- **Problem statement**:
Because the copy must hold no pictures, return the data below with all of its words intact.

- **Provided records**:
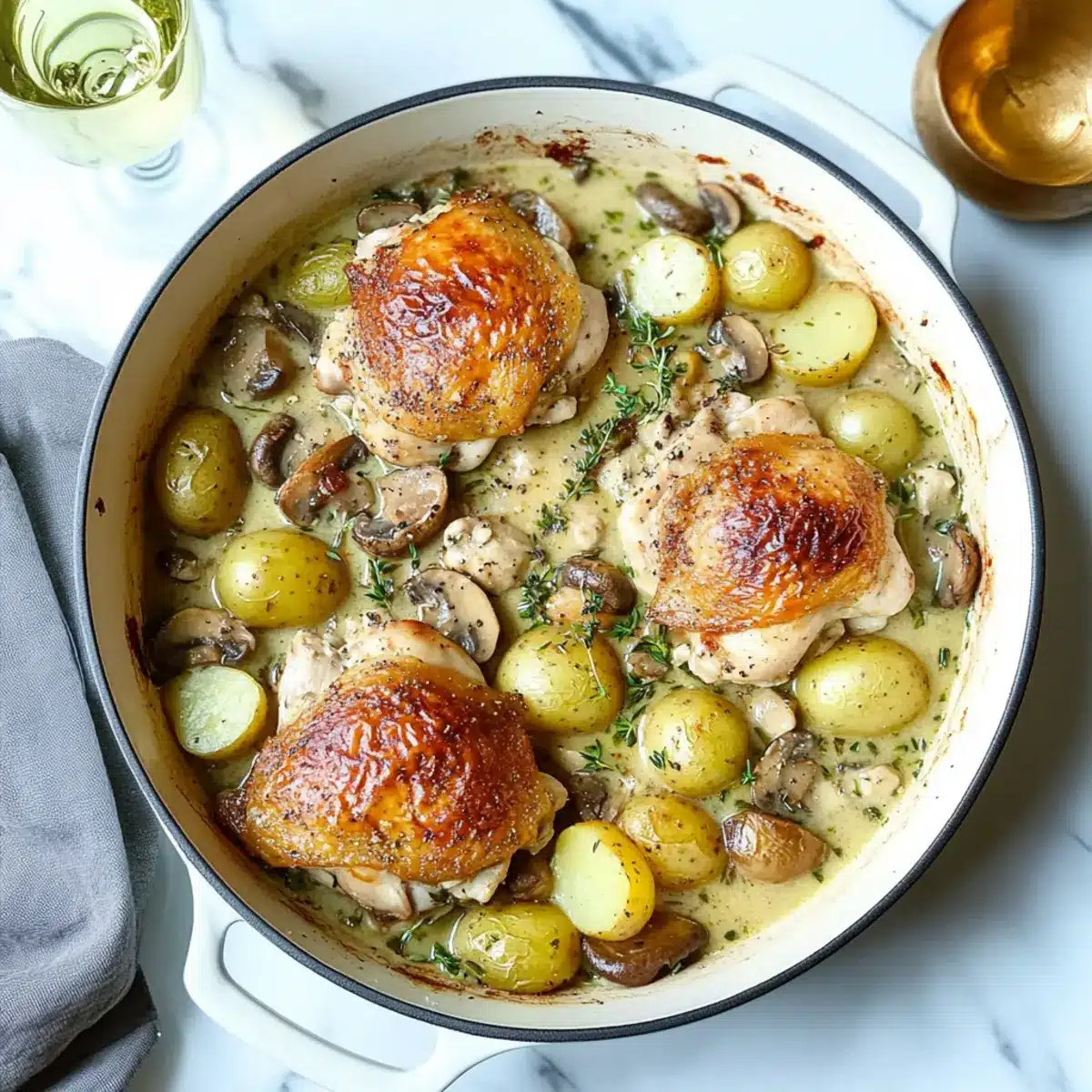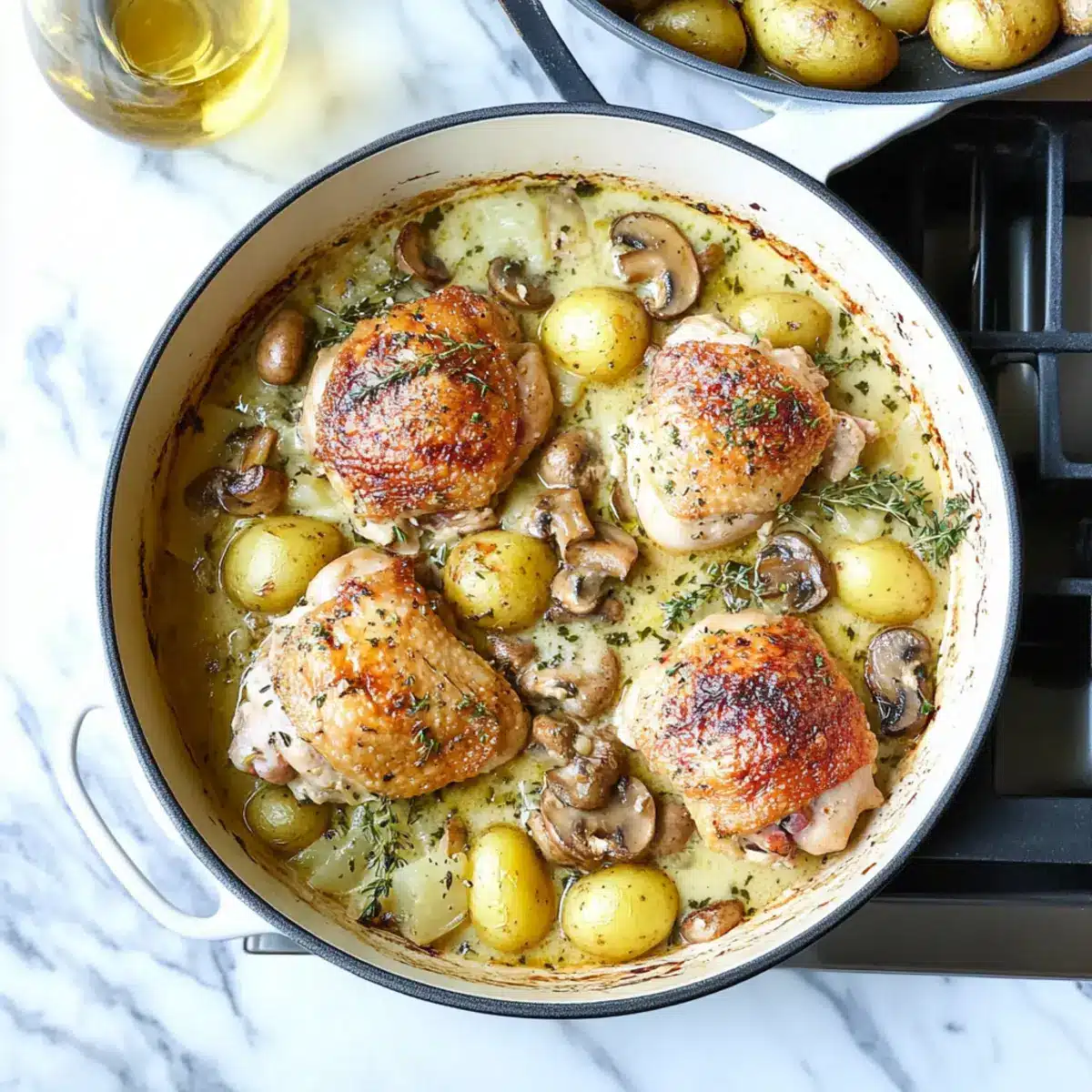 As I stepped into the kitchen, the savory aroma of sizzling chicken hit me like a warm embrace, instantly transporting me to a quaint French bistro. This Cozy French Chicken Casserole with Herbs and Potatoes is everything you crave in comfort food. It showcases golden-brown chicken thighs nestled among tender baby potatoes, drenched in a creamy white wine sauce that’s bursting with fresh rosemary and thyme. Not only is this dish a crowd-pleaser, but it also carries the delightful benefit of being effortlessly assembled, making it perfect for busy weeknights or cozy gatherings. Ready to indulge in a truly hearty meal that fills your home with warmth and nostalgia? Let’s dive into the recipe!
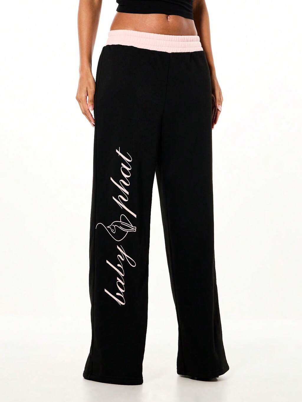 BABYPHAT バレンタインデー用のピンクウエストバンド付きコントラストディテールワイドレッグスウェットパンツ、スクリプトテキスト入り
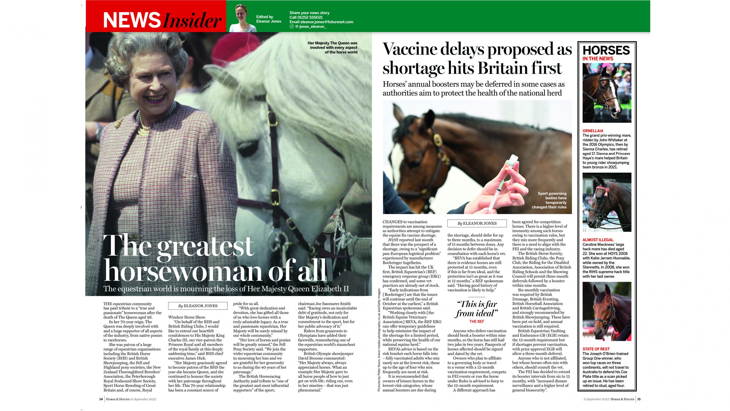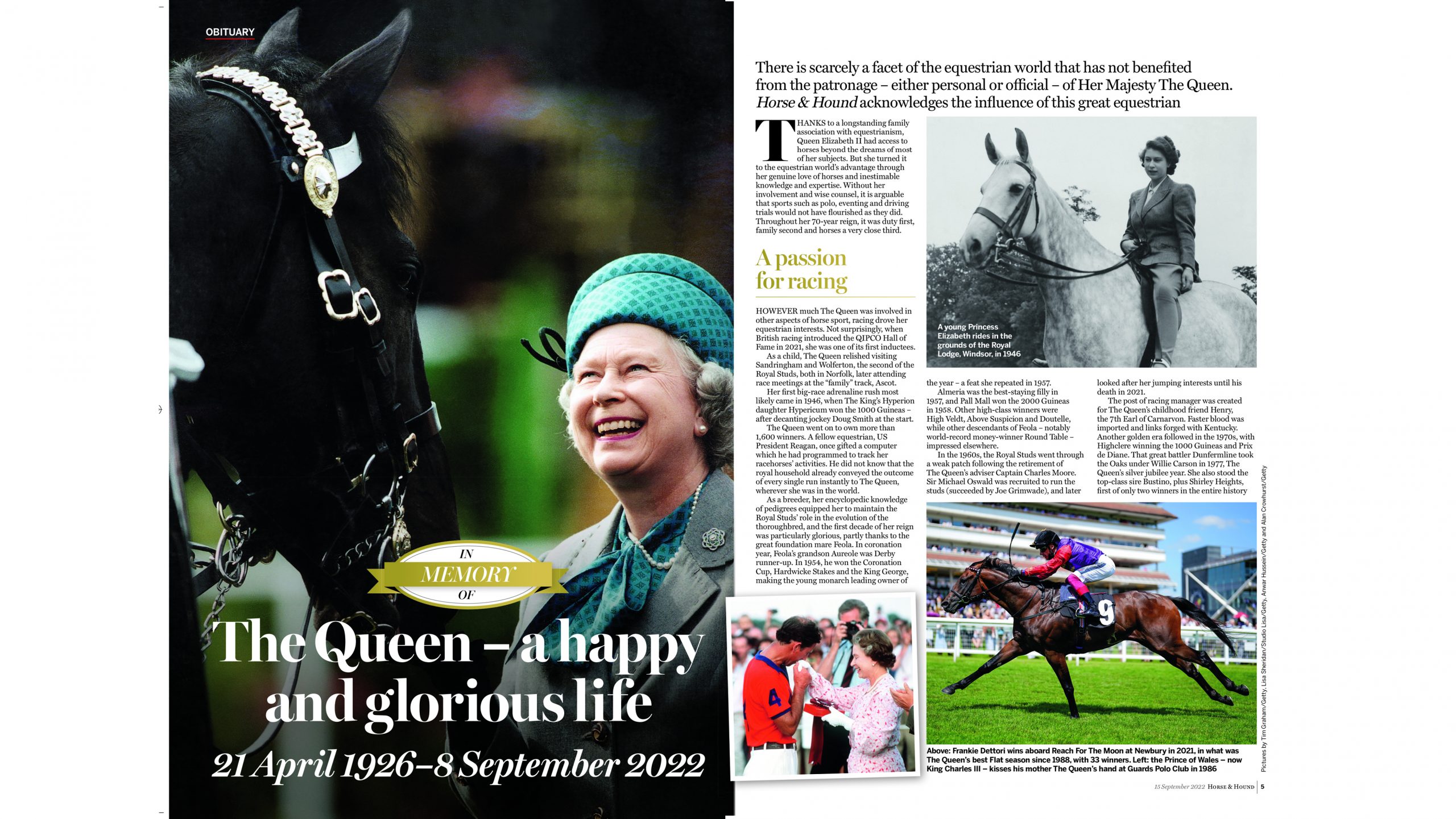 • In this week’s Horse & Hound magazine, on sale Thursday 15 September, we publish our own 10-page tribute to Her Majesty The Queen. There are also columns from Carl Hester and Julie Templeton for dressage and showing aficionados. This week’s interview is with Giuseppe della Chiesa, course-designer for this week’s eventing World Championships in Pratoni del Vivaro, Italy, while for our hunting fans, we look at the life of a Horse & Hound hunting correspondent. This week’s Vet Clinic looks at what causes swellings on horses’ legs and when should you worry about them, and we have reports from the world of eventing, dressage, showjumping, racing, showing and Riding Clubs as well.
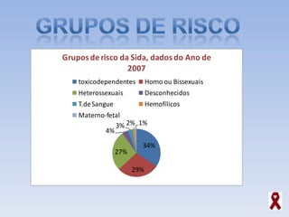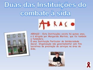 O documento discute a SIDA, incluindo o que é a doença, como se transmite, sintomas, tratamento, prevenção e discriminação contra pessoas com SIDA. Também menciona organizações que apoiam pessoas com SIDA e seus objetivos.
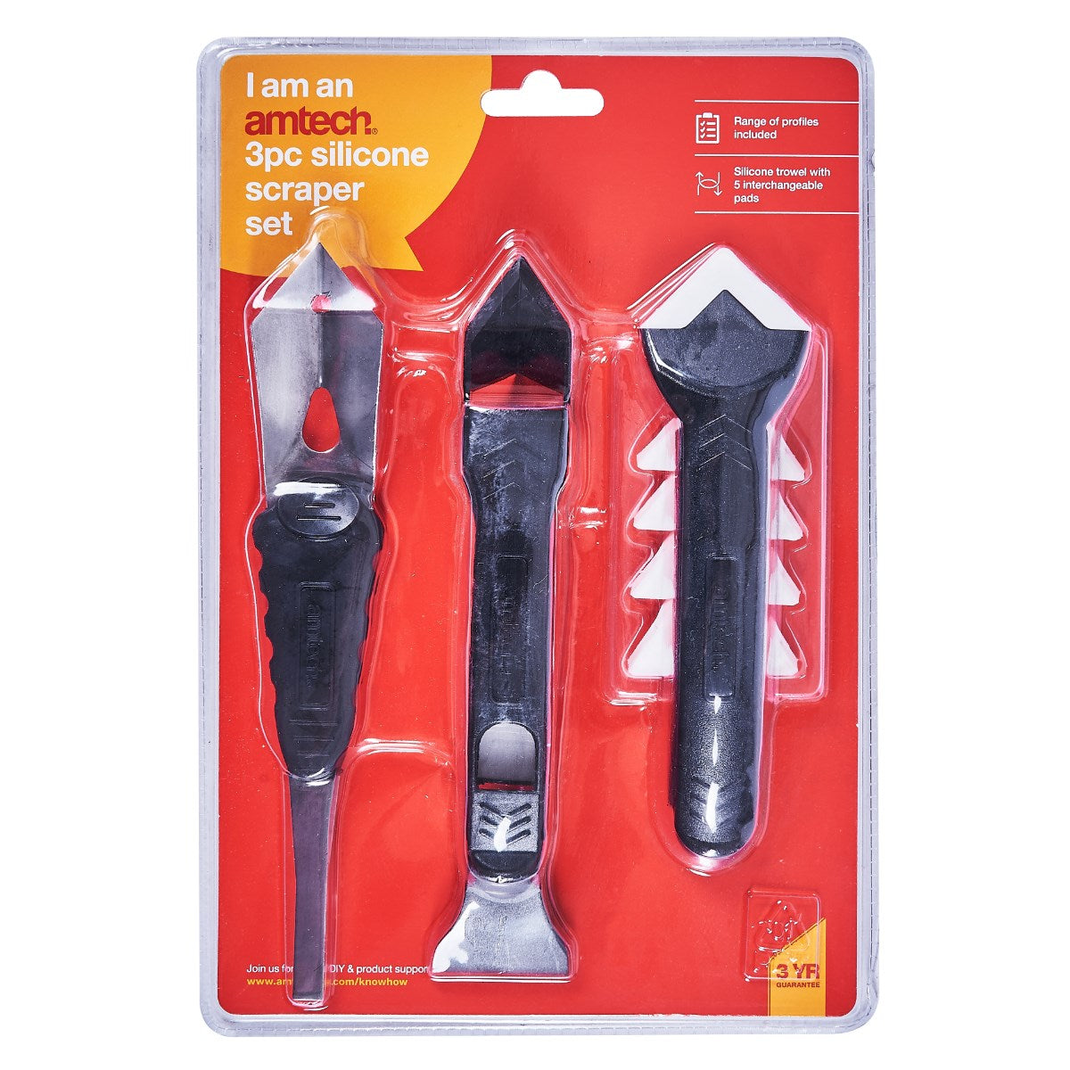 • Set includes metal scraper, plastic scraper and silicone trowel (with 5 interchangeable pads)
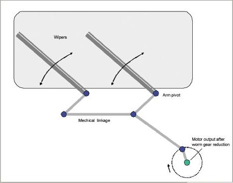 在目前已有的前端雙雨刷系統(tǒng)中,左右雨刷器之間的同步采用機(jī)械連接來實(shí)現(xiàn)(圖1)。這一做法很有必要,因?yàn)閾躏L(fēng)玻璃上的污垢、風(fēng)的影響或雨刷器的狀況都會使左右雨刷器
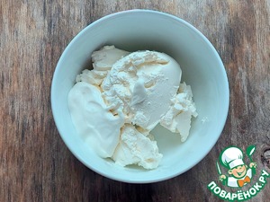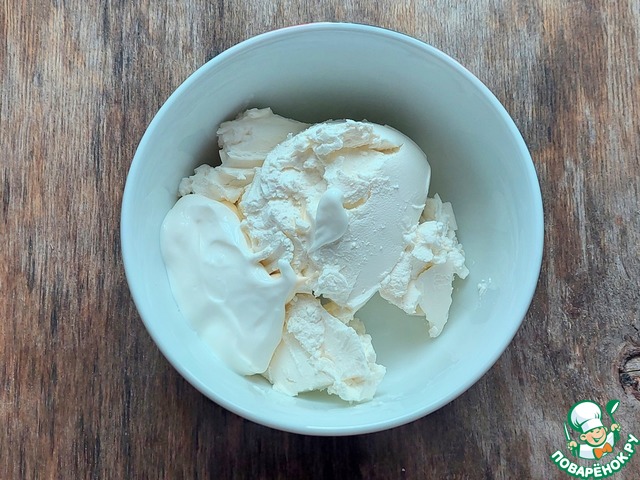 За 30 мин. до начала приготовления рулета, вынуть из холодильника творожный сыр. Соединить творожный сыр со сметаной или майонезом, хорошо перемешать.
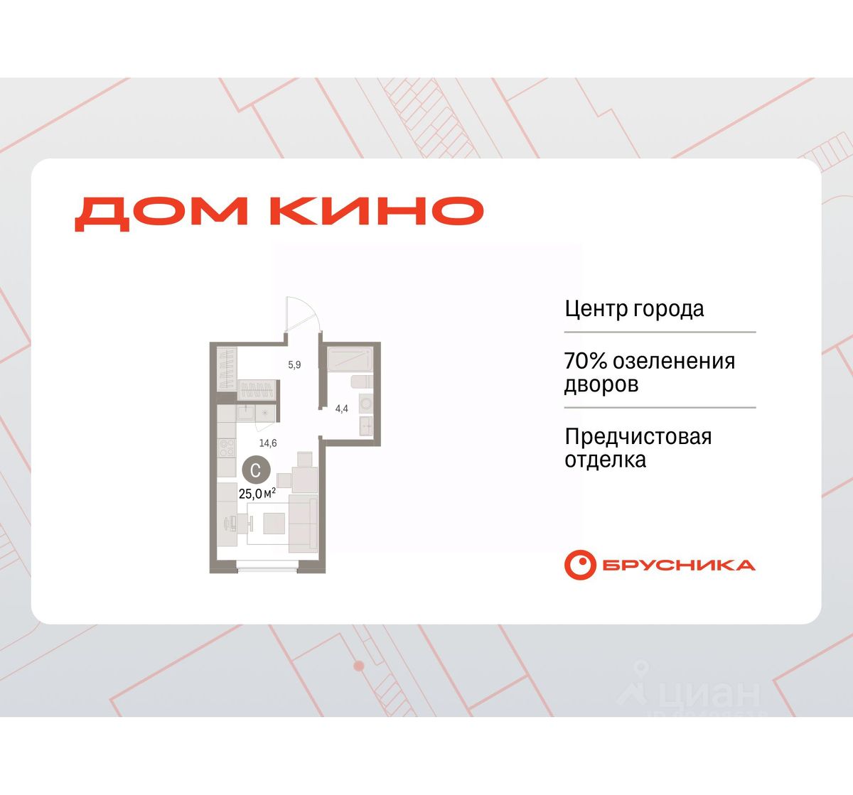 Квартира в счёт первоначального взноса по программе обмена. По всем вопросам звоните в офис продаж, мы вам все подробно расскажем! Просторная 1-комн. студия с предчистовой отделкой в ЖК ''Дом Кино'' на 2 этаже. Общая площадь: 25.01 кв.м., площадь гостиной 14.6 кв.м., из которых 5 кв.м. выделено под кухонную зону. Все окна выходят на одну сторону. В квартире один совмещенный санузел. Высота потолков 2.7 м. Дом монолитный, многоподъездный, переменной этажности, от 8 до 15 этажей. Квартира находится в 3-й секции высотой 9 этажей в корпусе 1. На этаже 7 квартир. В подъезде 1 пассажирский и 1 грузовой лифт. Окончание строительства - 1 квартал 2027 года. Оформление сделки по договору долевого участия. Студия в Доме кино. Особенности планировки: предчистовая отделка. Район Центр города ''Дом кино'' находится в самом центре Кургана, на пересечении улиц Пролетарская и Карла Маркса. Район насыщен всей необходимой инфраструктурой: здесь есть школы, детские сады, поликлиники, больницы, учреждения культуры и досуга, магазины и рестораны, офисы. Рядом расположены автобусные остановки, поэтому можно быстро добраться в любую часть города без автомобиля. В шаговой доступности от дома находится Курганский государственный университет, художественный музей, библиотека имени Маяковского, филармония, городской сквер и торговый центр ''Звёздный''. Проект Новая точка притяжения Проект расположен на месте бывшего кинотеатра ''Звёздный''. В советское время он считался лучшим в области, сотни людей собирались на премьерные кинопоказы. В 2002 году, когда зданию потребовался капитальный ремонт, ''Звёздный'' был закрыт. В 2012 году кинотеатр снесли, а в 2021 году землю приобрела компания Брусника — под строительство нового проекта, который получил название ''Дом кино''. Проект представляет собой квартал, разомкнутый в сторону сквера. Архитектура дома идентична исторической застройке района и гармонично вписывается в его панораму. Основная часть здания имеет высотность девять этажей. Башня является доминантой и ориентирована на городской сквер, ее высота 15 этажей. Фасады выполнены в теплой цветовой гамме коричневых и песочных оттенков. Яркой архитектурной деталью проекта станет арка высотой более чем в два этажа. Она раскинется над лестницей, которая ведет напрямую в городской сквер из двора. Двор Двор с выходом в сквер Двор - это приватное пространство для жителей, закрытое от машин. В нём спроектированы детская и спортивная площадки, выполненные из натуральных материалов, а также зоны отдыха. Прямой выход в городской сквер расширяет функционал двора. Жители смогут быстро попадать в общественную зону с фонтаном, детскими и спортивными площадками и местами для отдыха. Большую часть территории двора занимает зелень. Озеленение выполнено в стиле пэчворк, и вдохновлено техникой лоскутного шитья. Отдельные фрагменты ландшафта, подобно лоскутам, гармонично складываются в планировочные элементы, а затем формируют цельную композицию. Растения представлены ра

- **Reply to the task**:
 As I stepped into the kitchen, the savory aroma of sizzling chicken hit me like a warm embrace, instantly transporting me to a quaint French bistro. This Cozy French Chicken Casserole with Herbs and Potatoes is everything you crave in comfort food. It showcases golden-brown chicken thighs nestled among tender baby potatoes, drenched in a creamy white wine sauce that’s bursting with fresh rosemary and thyme. Not only is this dish a crowd-pleaser, but it also carries the delightful benefit of being effortlessly assembled, making it perfect for busy weeknights or cozy gatherings. Ready to indulge in a truly hearty meal that fills your home with warmth and nostalgia? Let’s dive into the recipe!
 BABYPHAT バレンタインデー用のピンクウエストバンド付きコントラストディテールワイドレッグスウェットパンツ、スクリプトテキスト入り
 • In this week’s Horse & Hound magazine, on sale Thursday 15 September, we publish our own 10-page tribute to Her Majesty The Queen. There are also columns from Carl Hester and Julie Templeton for dressage and showing aficionados. This week’s interview is with Giuseppe della Chiesa, course-designer for this week’s eventing World Championships in Pratoni del Vivaro, Italy, while for our hunting fans, we look at the life of a Horse & Hound hunting correspondent. This week’s Vet Clinic looks at what causes swellings on horses’ legs and when should you worry about them, and we have reports from the world of eventing, dressage, showjumping, racing, showing and Riding Clubs as well.
 O documento discute a SIDA, incluindo o que é a doença, como se transmite, sintomas, tratamento, prevenção e discriminação contra pessoas com SIDA. Também menciona organizações que apoiam pessoas com SIDA e seus objetivos.
 • Set includes metal scraper, plastic scraper and silicone trowel (with 5 interchangeable pads)
 在目前已有的前端雙雨刷系統(tǒng)中,左右雨刷器之間的同步采用機(jī)械連接來實(shí)現(xiàn)(圖1)。這一做法很有必要,因?yàn)閾躏L(fēng)玻璃上的污垢、風(fēng)的影響或雨刷器的狀況都會使左右雨刷器
 За 30 мин. до начала приготовления рулета, вынуть из холодильника творожный сыр. Соединить творожный сыр со сметаной или майонезом, хорошо перемешать.
 Квартира в счёт первоначального взноса по программе обмена. По всем вопросам звоните в офис продаж, мы вам все подробно расскажем! Просторная 1-комн. студия с предчистовой отделкой в ЖК ''Дом Кино'' на 2 этаже. Общая площадь: 25.01 кв.м., площадь гостиной 14.6 кв.м., из которых 5 кв.м. выделено под кухонную зону. Все окна выходят на одну сторону. В квартире один совмещенный санузел. Высота потолков 2.7 м. Дом монолитный, многоподъездный, переменной этажности, от 8 до 15 этажей. Квартира находится в 3-й секции высотой 9 этажей в корпусе 1. На этаже 7 квартир. В подъезде 1 пассажирский и 1 грузовой лифт. Окончание строительства - 1 квартал 2027 года. Оформление сделки по договору долевого участия. Студия в Доме кино. Особенности планировки: предчистовая отделка. Район Центр города ''Дом кино'' находится в самом центре Кургана, на пересечении улиц Пролетарская и Карла Маркса. Район насыщен всей необходимой инфраструктурой: здесь есть школы, детские сады, поликлиники, больницы, учреждения культуры и досуга, магазины и рестораны, офисы. Рядом расположены автобусные остановки, поэтому можно быстро добраться в любую часть города без автомобиля. В шаговой доступности от дома находится Курганский государственный университет, художественный музей, библиотека имени Маяковского, филармония, городской сквер и торговый центр ''Звёздный''. Проект Новая точка притяжения Проект расположен на месте бывшего кинотеатра ''Звёздный''. В советское время он считался лучшим в области, сотни людей собирались на премьерные кинопоказы. В 2002 году, когда зданию потребовался капитальный ремонт, ''Звёздный'' был закрыт. В 2012 году кинотеатр снесли, а в 2021 году землю приобрела компания Брусника — под строительство нового проекта, который получил название ''Дом кино''. Проект представляет собой квартал, разомкнутый в сторону сквера. Архитектура дома идентична исторической застройке района и гармонично вписывается в его панораму. Основная часть здания имеет высотность девять этажей. Башня является доминантой и ориентирована на городской сквер, ее высота 15 этажей. Фасады выполнены в теплой цветовой гамме коричневых и песочных оттенков. Яркой архитектурной деталью проекта станет арка высотой более чем в два этажа. Она раскинется над лестницей, которая ведет напрямую в городской сквер из двора. Двор Двор с выходом в сквер Двор - это приватное пространство для жителей, закрытое от машин. В нём спроектированы детская и спортивная площадки, выполненные из натуральных материалов, а также зоны отдыха. Прямой выход в городской сквер расширяет функционал двора. Жители смогут быстро попадать в общественную зону с фонтаном, детскими и спортивными площадками и местами для отдыха. Большую часть территории двора занимает зелень. Озеленение выполнено в стиле пэчворк, и вдохновлено техникой лоскутного шитья. Отдельные фрагменты ландшафта, подобно лоскутам, гармонично складываются в планировочные элементы, а затем формируют цельную композицию. Растения представлены ра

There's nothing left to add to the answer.